Josh Craddock

Personal information
- Full name: Joshua Glynn Craddock
- Date of birth: 5 March 1991 (age 34)
- Place of birth: Wolverhampton, England
- Height: 6 ft 1 in (1.85 m)
- Position(s): Forward

Team information
- Current team: Stafford Rangers

Youth career
- 000?–2008: Walsall

Senior career*
- Years: Team / Apps / (Gls)
- 2008–2009: Walsall / 15 / (0)
- 2009: Halesowen Town / 12 / (1)
- 2010: Hednesford Town / 34 / (0)
- 2010–2012: Stourbridge
- 2012–2015: Rushall Olympic
- 2015–: Stafford Rangers

= Josh Craddock =

English footballer

Joshua Glynn Craddock (born 5 March 1991) is a footballer, who plays for Rushall Olympic.

== Career ==
Craddock started his senior career in the Football League for Walsall. He made his debut on 3 May 2008 as a substitute in the Football League One clash with Hartlepool United which finished as a 2–2 draw.
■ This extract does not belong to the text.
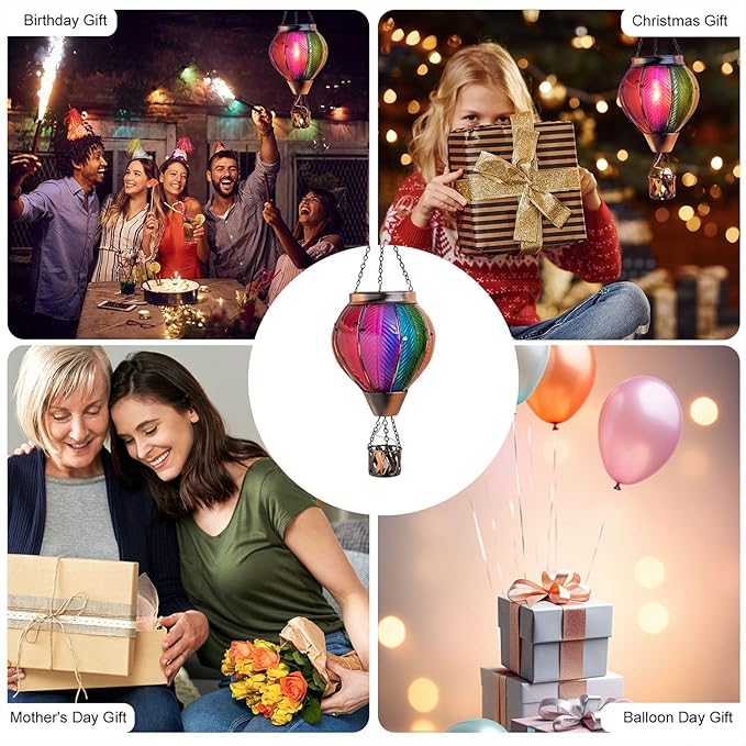 - 【Wide Application】-- Hot air balloon lantern with a chain hook, you can hang the solar light on porches, trees, pergolas, balconies, or ledge. Add elegance and color to your outdoor space with this beautifully crafted solar-powered lantern. Perfect gift for your friends and family.

In August 2009, Walsall confirmed that Craddock had chosen to leave professional football and go to study at University full-time. The club retain his registration. After leaving Walsall, Craddock spent time with Halesowen Town before joining Hednesford Town in February 2010. He joined in August 2010 to Non League side Stourbridge F.C. and in July 2012 to Rushall Olympic.